WHAT THE EXERCISE ASKS:
A copy of the listing below is needed, exact in every line and without images.

DATA PROVIDED:
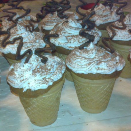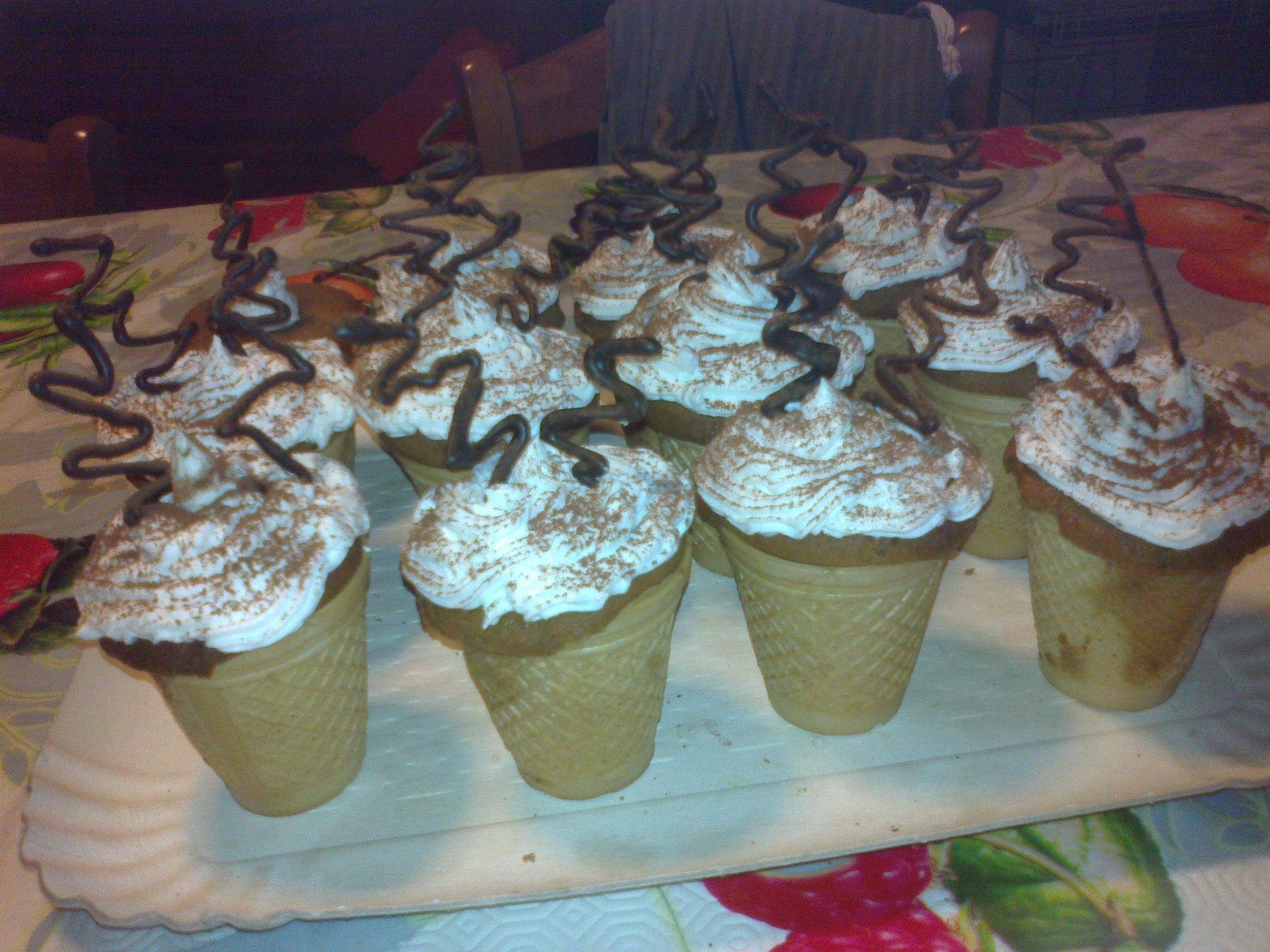 In una terrina mescolare la farina allo zucchero e al lievito. A parte sbattere le uova con il latte ed il burro fuso. Unire i composti e mescolare. Aggiungere all'impasto un cucchiaio abbondante di nutella e mescolare. Versare l'impasto nei cestini in cialda per gelato e riempirli poco più della metà ed infornare a 180 gradi per 25-30 minuti. Lasciar raffreddare e decorare con panna montata, spolverizzare con cacao e rifinire la decorazione.
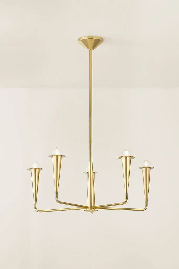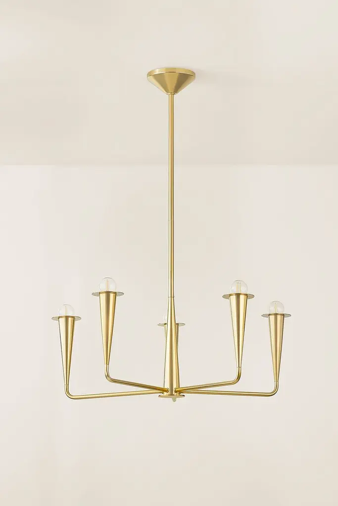 Bring the drama with this botanical-meets-industrial beauty. Slender candlesticks resembling torches support clear glass orbs as they illuminate modern interiors with a sense of retro flair. Available as a sconce or chandelier in two sizes. Part of the collection.
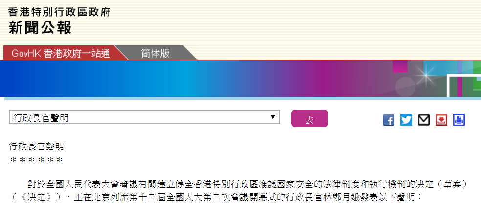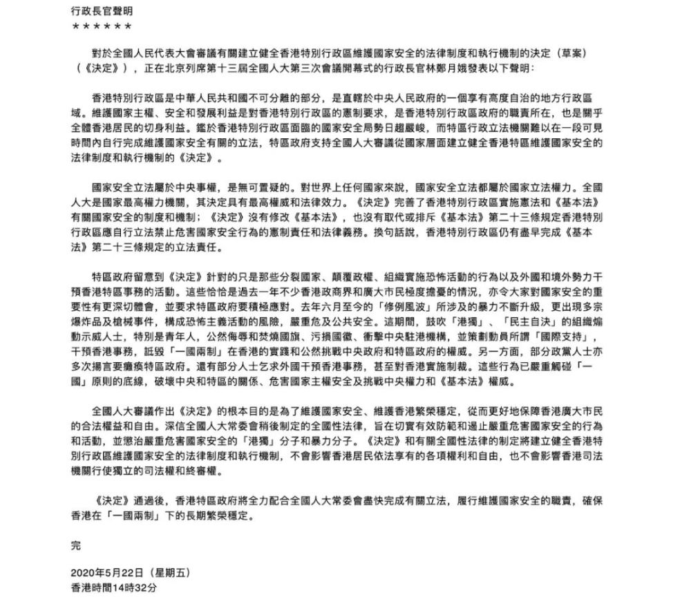 涉港决定草案出来了,全称很长,叫《全国人民代表大会关于建立健全香港特别行政区维护国家安全的法律制度和执行机制的决定(草案)》。草案正文部分共有7条。 从目前透露出来的内容看,正文不长。但篇幅是一回事,分量是另一回事。类似的,大家可以想想15年前的《反分裂国家法》。 在当前香港特别行政区国家安全受到现实威胁和严重损害的情况下,这一举措的必要性不需多言。至于紧迫性,草案第7条明确了施行时间——自公布之日起施行。 这是“一国两制”实践中具有重要意义的一件大事,必将产生积极而深远的影响。 5月22日,全国人大常委会副委员长王晨作关于涉港决定草案的说明 一个概念 要深入了解决定草案的背景和前因后果,首先,我们要明确一个概念——23条立法。 香港基本法第23条规定:“香港特别行政区应自行立法禁止任何叛国、分裂国家、煽动叛乱、颠覆中央人民政府及窃取国家机密的行为,禁止外国的政治性组织或团体在香港特别行政区进行政治活动,禁止香港特别行政区的政治性组织或团体与外国的政治性组织或团体建立联系。” 这一规定就是通常所说的23条立法,它明确了香港特别行政区负有维护国家安全的宪制责任和立法义务。 但自2003年23条立法受挫以来,这一立法在香港已被别有用心的人严重污名化、妖魔化。反对派刻意将维护国家安全和保障市民权利自由相对立,23条立法被长期“搁置”。由此,香港特别行政区的国家安全风险和漏洞日益凸显。 典型事件就是非法“占中”以及2019年的修例风波。尤其是后者自去年6月发生以来,反中乱港势力公然鼓吹“港独”、“自决”、“公投”等主张,公然侮辱、污损国旗国徽,从事暴力破坏国家统一、分裂国家的活动,其性质已带有本土恐怖主义色彩。 另一方面,一些外国和境外势力从遮遮掩掩到公然走上前台干预香港事务,“台独”与“港独”势力勾连合流也动作不断。他们与香港本土的反中乱港势力沆瀣一气,利用香港明显的法律漏洞和执行机制缺失,从事危害中国国家安全的活动。 面对香港这种在国家安全领域几乎“不设防”的状态,各界有识之士都认识到,必须秉持底线思维和风险意识,堵漏洞,补短板。这次,全国人民代表大会作为中国最高国家权力机关,依据宪法赋予的权力,决定出手了。 两步走 值得注意的是,这次采取“决定+立法”的方式,分两步予以推进。 第一步,全国人民代表大会根据宪法和香港基本法的有关规定,就该决定草案的相关问题作出若干基本规定,同时授权全国人大常委会就建立健全香港特别行政区维护国家安全的法律制度和执行机制制定相关法律; 第二步,全国人大常委会根据宪法、香港基本法和全国人大有关决定的授权,结合香港特别行政区具体情况,制定相关法律并决定将相关法律列入香港基本法附件三,由香港特别行政区在当地公布实施。 全国人民代表大会和全国人大常委会当仁不让唱主角。这是因为:第一,中央政府对所属地方行政区域的国家安全负有最大和最终责任,也享有和行使一切必要权力,这是基本的国家主权理论和原则,也是世界各国的通例; 第二,全国人民代表大会作为最高国家权力机关,是国家主权的代表。通过全国人大及其常委会执行,不但是对国家负责,也是对包括香港同胞在内的全体中国人民负责,具有无可置疑的正当性、合法性; 第三,全国人民代表大会的相关决定,是根据宪法第三十一条和第六十二条第二项、第十四项、第十六项的规定以及香港基本法的有关规定,更好体现从宪法和基本法出发的法治思维。 当然,本次宣布的决定草案只是迈出了第一步,后续全国人大常委会将会同有关方面及早制定香港特别行政区维护国家安全的相关法律,并加强专门机构、执行机制和执法力量建设,确保相关法律在香港特别行政区有效实施。 值得注意的一点是,决定草案明确,香港特别行政区根据基本法第23条规定仍然负有维护国家安全的宪制责任和立法义务,应当尽早完成维护国家安全的有关立法。任何维护国家安全的立法及其实施都不得同本决定相抵触。 由此可见,从国家层面建立健全香港特别行政区维护国家安全的法律制度和执行机制是一揽子法律和政治工程,后续操作值得期待。 5月22日,林郑月娥发表声明,表示支持涉港决定草案(图源:香港特区政府官网) 五个原则 十三届全国人大常委会副委员长王晨在作决定草案的说明时表示,必须遵循和把握好5个基本原则:一是坚决维护国家安全,二是坚持和完善“一国两制”制度体系,三是坚持依法治港,四是坚决反对外来干涉,五是切实保障香港居民合法权益。 5个原则其实是谈了5层关系,其中第3个原则包括,严格依照宪法和基本法对香港特别行政区实行管治,支持香港特别行政区行政长官和政府依法施政,牢固树立并坚决维护法治权威,任何违反法律、破坏法治的行为都必须依法予以追究。这一条具有极强的现实针对性,反中乱港势力可以对号入座。 第4个原则提出,必须坚决反对任何外国及其组织或者个人以任何方式干预香港事务,坚决防范和遏制外部势力干预香港事务和进行分裂、颠覆、渗透、破坏活动。对于任何外国制定、实施干预香港事务的有关立法、行政或者其他措施,国家将采取一切必要措施予以反制。这一条同样具有极强的针对性。亮剑指向谁,大家都非常
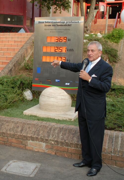 Die Photovoltaik-Anlage auf der Deutschen Schule in Rom wurde jetzt offiziell eingeweiht. Gemeinsam nahmen Schulleiter Ulrich Berner, der Deutsche Botschafter Michael H. Gerdts, Berthold Breid von der Deutschen Energieagentur (dena) sowie der Vorstand von IBC SOLAR AG, Dipl. Physiker Udo Möhrstedt, die Einweihung des Projekts vor.
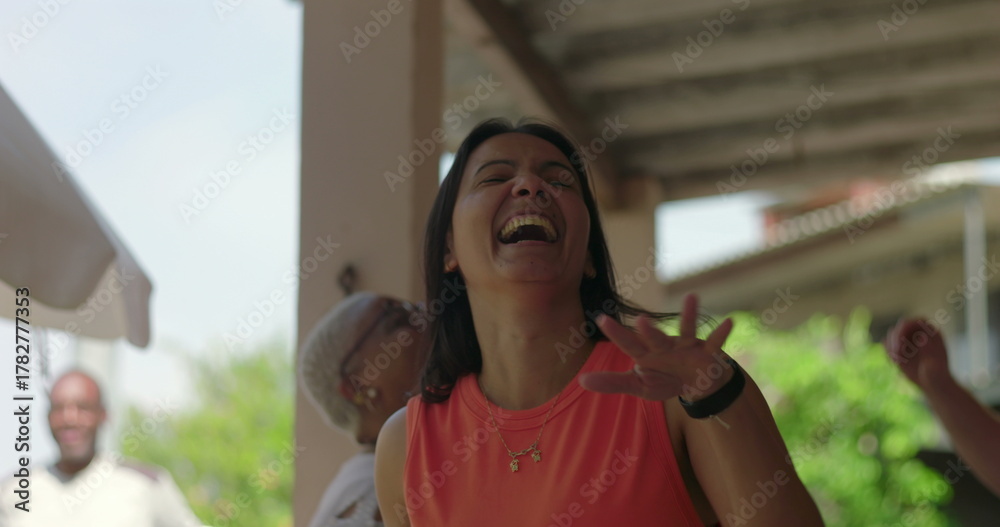 Group of friends dancing and laughing together outdoors, celebrating friendship and connection in a casual and cheerful environment
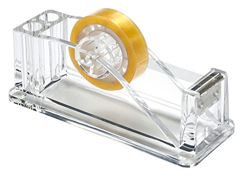 OSCO Klar akrylbandhållare med tejp | skrivbordstejp dispenser | 2 fack för pennor eller pennor | genomskinliga gummikuddar halkfria | H 6,4 x B 13 x D 12,7 cm |

WRITTEN SOLUTION:
 In una terrina mescolare la farina allo zucchero e al lievito. A parte sbattere le uova con il latte ed il burro fuso. Unire i composti e mescolare. Aggiungere all'impasto un cucchiaio abbondante di nutella e mescolare. Versare l'impasto nei cestini in cialda per gelato e riempirli poco più della metà ed infornare a 180 gradi per 25-30 minuti. Lasciar raffreddare e decorare con panna montata, spolverizzare con cacao e rifinire la decorazione.
 Bring the drama with this botanical-meets-industrial beauty. Slender candlesticks resembling torches support clear glass orbs as they illuminate modern interiors with a sense of retro flair. Available as a sconce or chandelier in two sizes. Part of the collection.
 涉港决定草案出来了,全称很长,叫《全国人民代表大会关于建立健全香港特别行政区维护国家安全的法律制度和执行机制的决定(草案)》。草案正文部分共有7条。 从目前透露出来的内容看,正文不长。但篇幅是一回事,分量是另一回事。类似的,大家可以想想15年前的《反分裂国家法》。 在当前香港特别行政区国家安全受到现实威胁和严重损害的情况下,这一举措的必要性不需多言。至于紧迫性,草案第7条明确了施行时间——自公布之日起施行。 这是“一国两制”实践中具有重要意义的一件大事,必将产生积极而深远的影响。 5月22日,全国人大常委会副委员长王晨作关于涉港决定草案的说明 一个概念 要深入了解决定草案的背景和前因后果,首先,我们要明确一个概念——23条立法。 香港基本法第23条规定:“香港特别行政区应自行立法禁止任何叛国、分裂国家、煽动叛乱、颠覆中央人民政府及窃取国家机密的行为,禁止外国的政治性组织或团体在香港特别行政区进行政治活动,禁止香港特别行政区的政治性组织或团体与外国的政治性组织或团体建立联系。” 这一规定就是通常所说的23条立法,它明确了香港特别行政区负有维护国家安全的宪制责任和立法义务。 但自2003年23条立法受挫以来,这一立法在香港已被别有用心的人严重污名化、妖魔化。反对派刻意将维护国家安全和保障市民权利自由相对立,23条立法被长期“搁置”。由此,香港特别行政区的国家安全风险和漏洞日益凸显。 典型事件就是非法“占中”以及2019年的修例风波。尤其是后者自去年6月发生以来,反中乱港势力公然鼓吹“港独”、“自决”、“公投”等主张,公然侮辱、污损国旗国徽,从事暴力破坏国家统一、分裂国家的活动,其性质已带有本土恐怖主义色彩。 另一方面,一些外国和境外势力从遮遮掩掩到公然走上前台干预香港事务,“台独”与“港独”势力勾连合流也动作不断。他们与香港本土的反中乱港势力沆瀣一气,利用香港明显的法律漏洞和执行机制缺失,从事危害中国国家安全的活动。 面对香港这种在国家安全领域几乎“不设防”的状态,各界有识之士都认识到,必须秉持底线思维和风险意识,堵漏洞,补短板。这次,全国人民代表大会作为中国最高国家权力机关,依据宪法赋予的权力,决定出手了。 两步走 值得注意的是,这次采取“决定+立法”的方式,分两步予以推进。 第一步,全国人民代表大会根据宪法和香港基本法的有关规定,就该决定草案的相关问题作出若干基本规定,同时授权全国人大常委会就建立健全香港特别行政区维护国家安全的法律制度和执行机制制定相关法律; 第二步,全国人大常委会根据宪法、香港基本法和全国人大有关决定的授权,结合香港特别行政区具体情况,制定相关法律并决定将相关法律列入香港基本法附件三,由香港特别行政区在当地公布实施。 全国人民代表大会和全国人大常委会当仁不让唱主角。这是因为:第一,中央政府对所属地方行政区域的国家安全负有最大和最终责任,也享有和行使一切必要权力,这是基本的国家主权理论和原则,也是世界各国的通例; 第二,全国人民代表大会作为最高国家权力机关,是国家主权的代表。通过全国人大及其常委会执行,不但是对国家负责,也是对包括香港同胞在内的全体中国人民负责,具有无可置疑的正当性、合法性; 第三,全国人民代表大会的相关决定,是根据宪法第三十一条和第六十二条第二项、第十四项、第十六项的规定以及香港基本法的有关规定,更好体现从宪法和基本法出发的法治思维。 当然,本次宣布的决定草案只是迈出了第一步,后续全国人大常委会将会同有关方面及早制定香港特别行政区维护国家安全的相关法律,并加强专门机构、执行机制和执法力量建设,确保相关法律在香港特别行政区有效实施。 值得注意的一点是,决定草案明确,香港特别行政区根据基本法第23条规定仍然负有维护国家安全的宪制责任和立法义务,应当尽早完成维护国家安全的有关立法。任何维护国家安全的立法及其实施都不得同本决定相抵触。 由此可见,从国家层面建立健全香港特别行政区维护国家安全的法律制度和执行机制是一揽子法律和政治工程,后续操作值得期待。 5月22日,林郑月娥发表声明,表示支持涉港决定草案(图源:香港特区政府官网) 五个原则 十三届全国人大常委会副委员长王晨在作决定草案的说明时表示,必须遵循和把握好5个基本原则:一是坚决维护国家安全,二是坚持和完善“一国两制”制度体系,三是坚持依法治港,四是坚决反对外来干涉,五是切实保障香港居民合法权益。 5个原则其实是谈了5层关系,其中第3个原则包括,严格依照宪法和基本法对香港特别行政区实行管治,支持香港特别行政区行政长官和政府依法施政,牢固树立并坚决维护法治权威,任何违反法律、破坏法治的行为都必须依法予以追究。这一条具有极强的现实针对性,反中乱港势力可以对号入座。 第4个原则提出,必须坚决反对任何外国及其组织或者个人以任何方式干预香港事务,坚决防范和遏制外部势力干预香港事务和进行分裂、颠覆、渗透、破坏活动。对于任何外国制定、实施干预香港事务的有关立法、行政或者其他措施,国家将采取一切必要措施予以反制。这一条同样具有极强的针对性。亮剑指向谁,大家都非常
 Die Photovoltaik-Anlage auf der Deutschen Schule in Rom wurde jetzt offiziell eingeweiht. Gemeinsam nahmen Schulleiter Ulrich Berner, der Deutsche Botschafter Michael H. Gerdts, Berthold Breid von der Deutschen Energieagentur (dena) sowie der Vorstand von IBC SOLAR AG, Dipl. Physiker Udo Möhrstedt, die Einweihung des Projekts vor.
 Group of friends dancing and laughing together outdoors, celebrating friendship and connection in a casual and cheerful environment
 OSCO Klar akrylbandhållare med tejp | skrivbordstejp dispenser | 2 fack för pennor eller pennor | genomskinliga gummikuddar halkfria | H 6,4 x B 13 x D 12,7 cm |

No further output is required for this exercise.